Mayors from 15 major cities around the world called for increased direct financing to allow cities to implement ambitious greening and ecosystem restoration projects. With the planet experiencing a decline in nature at rates unprecedented in human history – and the largest loss of animal and plant species since the dinosaurs –, cities can play an important role to address biodiversity loss.

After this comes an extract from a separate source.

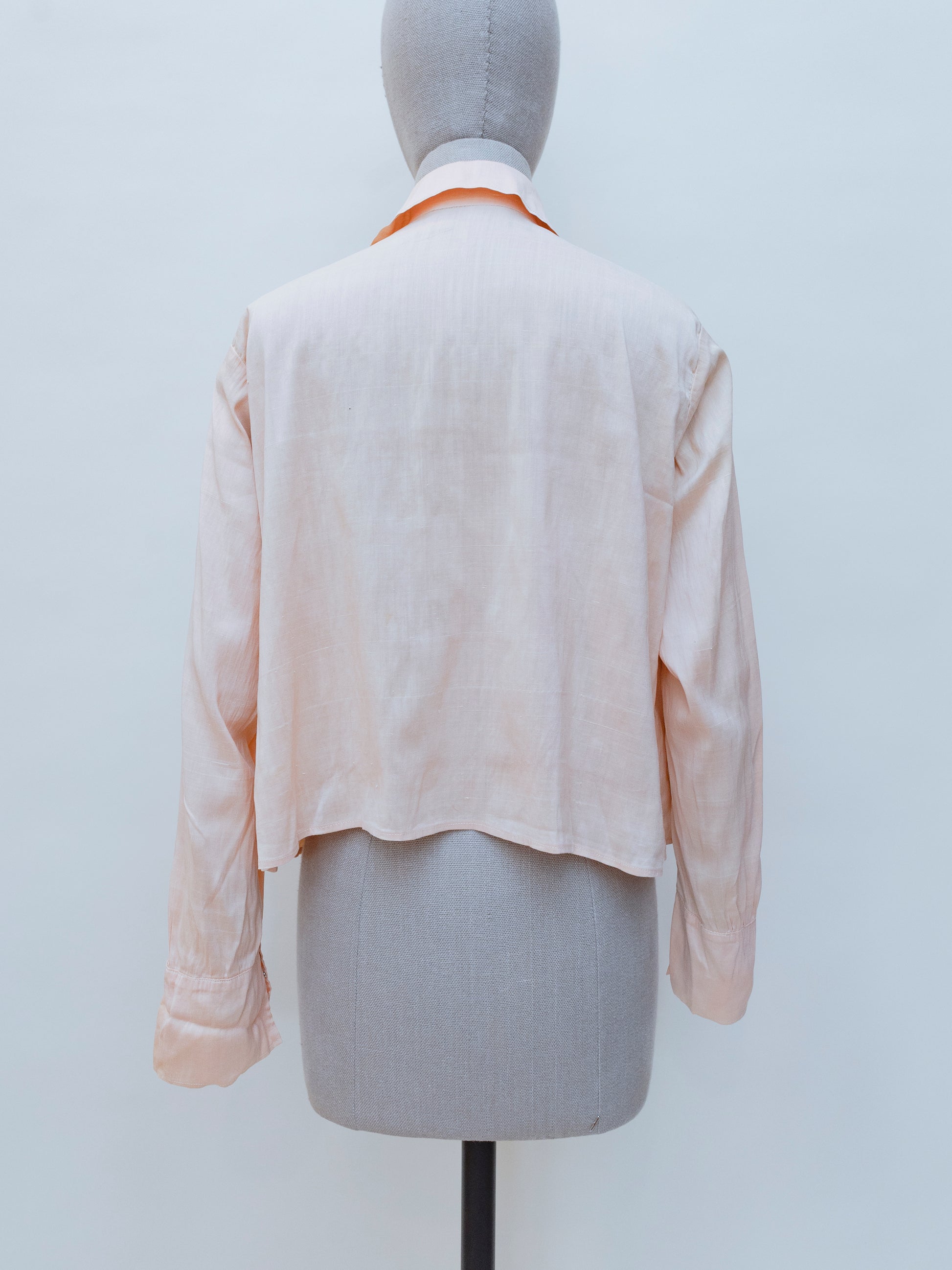 This custom-made blouse in soft blush silk offers understated elegance with a relaxed, feminine shape. The gently gathered shoulders and flowing hemline create ease of movement, while the wide cuffs and open collar add a touch of refinement. Lightweight and graceful, it’s a versatile piece that blends comfort with timeless sophistication.

“Cities must be part of the solution to the biodiversity crisis,” said Sheila Aggarwal-Khan, director of UN Environment Programme’s economy division. “We hope mayors’ call for increased, direct investment will not fall on deaf ears so that they can unleash the power of nature in cities.”

Cities are on the frontline of the socio-economic impacts of climate change and ecosystem loss, but many were already taking ambitious action to protect and restore nature, noted Aggarwal-Khan.

Meanwhile, Minister for Heritage Malcolm Noonan, who is due to lead the Irish negotiation team during the final days of Cop15, has had to curtail his participation because he has to vote on a Dáil motion of confidence in Minister for Housing Darragh O’Brien on Tuesday.

The motion has been called to counter the Opposition motion of no confidence in Mr O’Brien tabled by People Before Profit and scheduled for Wednesday. While a pairing is possible for the latter, it is not possible for the Tuesday vote.

Mr Noonan had originally planned to fly to Canada at the weekend and stay until next Friday. As it turns out, he will spend less than 48 hours at Cop15, but he said he was confident he would get to deliver Ireland’s statement at a high-level segment on Thursday.

“Cop15 is the most important global meeting on biodiversity in over a decade and there is urgent work to do to secure new 2030 goals for nature that stop the loss and put us on a path to restoration,” Mr Noonan said.

The stakes could not be higher at Cop15, where countries must map way to save biodiversity on EarthOpens in new window ]

He will be in Montreal for most of a high-level ministerial meeting, which is separate to Cop15 negotiations but can be a key political mechanism to break any impasse in the negotiation rooms with a view to injecting momentum into the talks.

Padraic Fogarty, campaigns officer with Irish Wildlife Trust, who is an observer at Cop15, said the timing of the vote “could scarcely be worse given that it’s disrupting the Government’s participation in the Cop15 event”.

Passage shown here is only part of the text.